Comments from supporters of legalization:
The whole Heroine dilemma is the direct result of the drug being illegal and on the streets. Before Heroine was banned it was used as a remedy for countless of illnesses and discomforts.
Heroin itself is not toxic for the human Body. If Heroin could be used again as a remedy and NOT abused as a class A drug, we would all benefit from it. Police would concentrate on the REAL CRIMINALS, the prisons would be empty, street criminality would decrease, addicts could go their every day life and pursue a career without hustling for the drug the whole day. The drug would cost almost nothing and it would be 100 pure and could be taxed by the government ( like alcohol)
Its common sense in a free country we should be allowed to put what we want into our bodies. If we legalized drugs and taxed them it would save so much money and lives in the form of not incarcerating and breaking up families and inbound tax revenue a total win win. And those that need help because of a drug problem will have more access to addiction treatments and medicines without the stigma drug addiction has in this country today. In time there will be less drug users and youth in this country will no longer see it as the outlaw thing to do it would become uncool leading to less of the population doing drugs.Opponents:
No, it kills too many people already.
Legalizing Heroin will also legitimize it, and that will be deadly for our young people. Keeping it illegal will make keeping children away from it easier. Heroin is addictive after only one or two uses. It cannot be compared to alcohol which is addictive only to a small part of the population.
Legalizing heroin will lead to widespread usage.Jeff Deeney, himself a recovered Heroin addict, wrote last month in Atlantic that Heroin should be legalized.
Legalizing heroin will cause an epidemic of addiction and adequate resources do not exist to support such an increase in the number of hard drug users from a medical or rehabilitation standpoint. Once becoming quickly addicted to heroin, new users would become a burden on society as they would not be employable or reliable as family members.

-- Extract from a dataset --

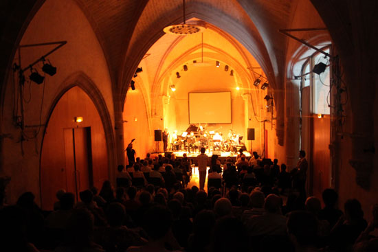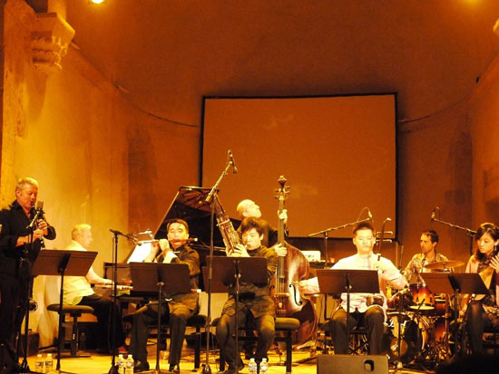 西方乐器与中国古典乐器结合,共同演奏爵士乐,这个创意非常别致。2012年夏季,八位中法音乐家相聚普瓦提埃,用心灵奏响文化交融之音。法国普瓦提埃大学孔子学院与普瓦提埃市政府共同筹办的《亦在此处 亦在此时》音乐会在普瓦提埃圣日耳曼音乐厅成功举行,共吸引200多名观众入场观看。普瓦提埃市主管文化的副市长Le compte先生和孔子学院理事长阿兰明柳为音乐会致辞,认为这次活动是一个完美的中西方艺术的结合,也是市政府和孔子学院联手打造文化盛宴的典范。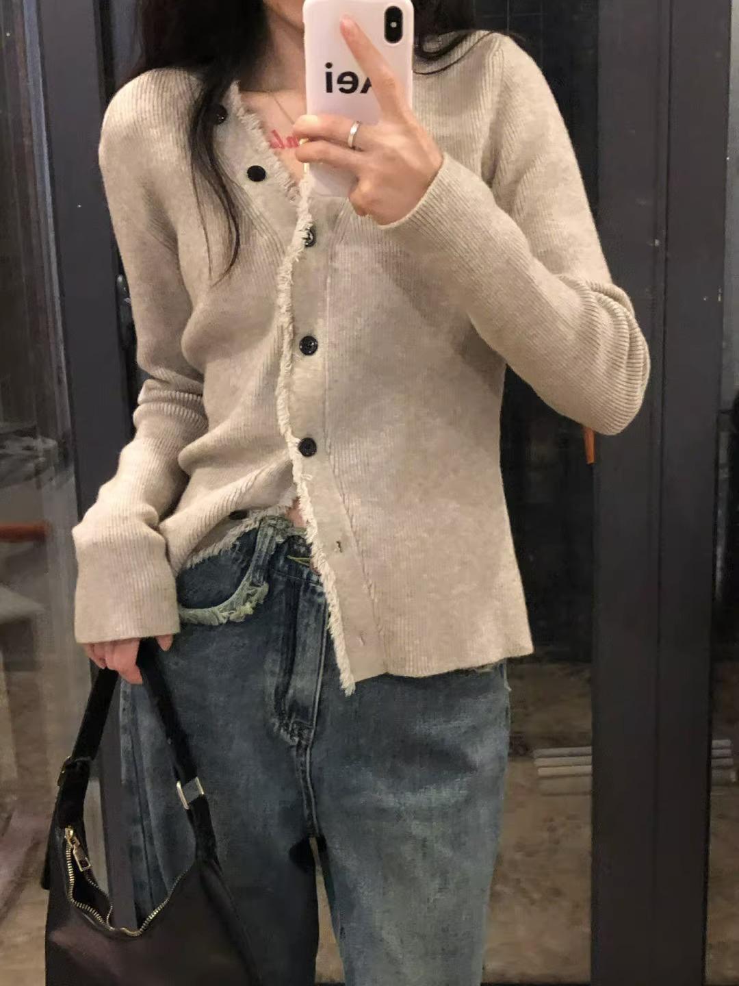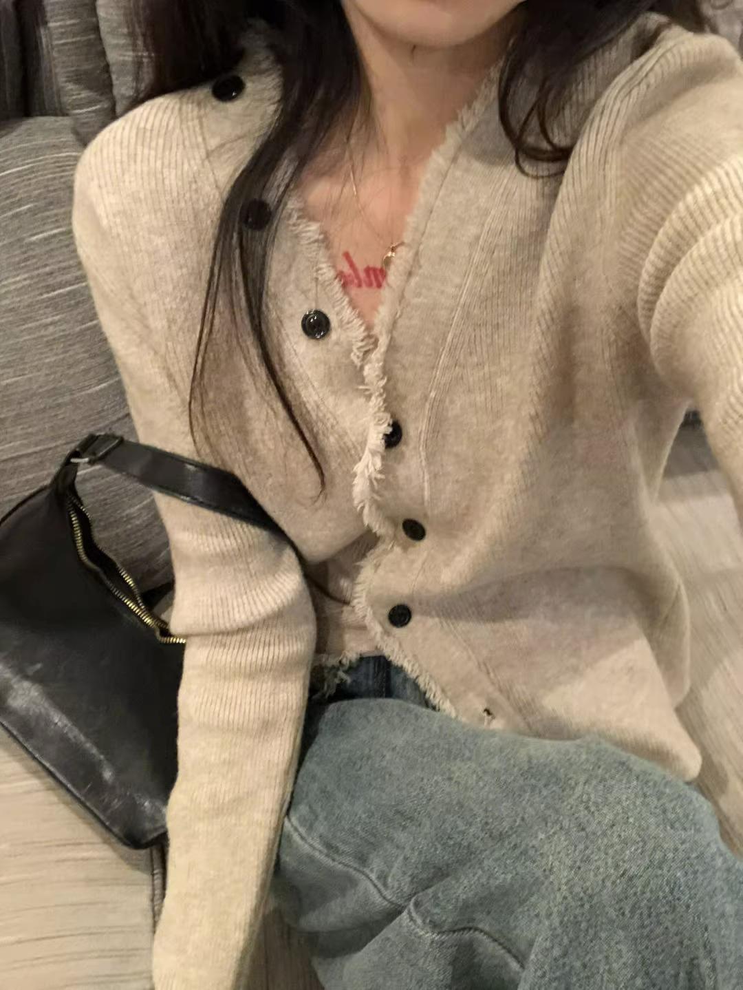 Cárdigan de punto con cuello en V para mujer otoño e invierno 2024 nuevo temperamento de corte ajustado abotonadura sencilla suéter interior abrigo base

Legal pot isn’t enough. For there to be an American version of Insite, Vancouver's celebrated, medically-supervised, legal injecting space, the U.S. would need to decriminalize entirely. If Philip Seymour Hoffman had taken his last bags to a legal injecting space, would he still be alive? Had he overdosed there, medical staff on call might have reversed it with Naloxone. Had he acquired an abscess or other skin infection, he could have sought nonjudgmental medical intervention. Perhaps injection site staff could have directed him back to treatment.
Safe injecting sites are an amazing, life saving, humanity restoring intervention we can’t have because our laws preclude them. Too frequently, heroin addicts instead utilize abandoned buildings and vacant lots to shoot up in order to evade arrest. The risk for assault, particularly sexual assault for women, in off-the-grid, hidden get-high places is incredible. Overdosed bodies are routinely pulled from such spaces in North Philadelphia.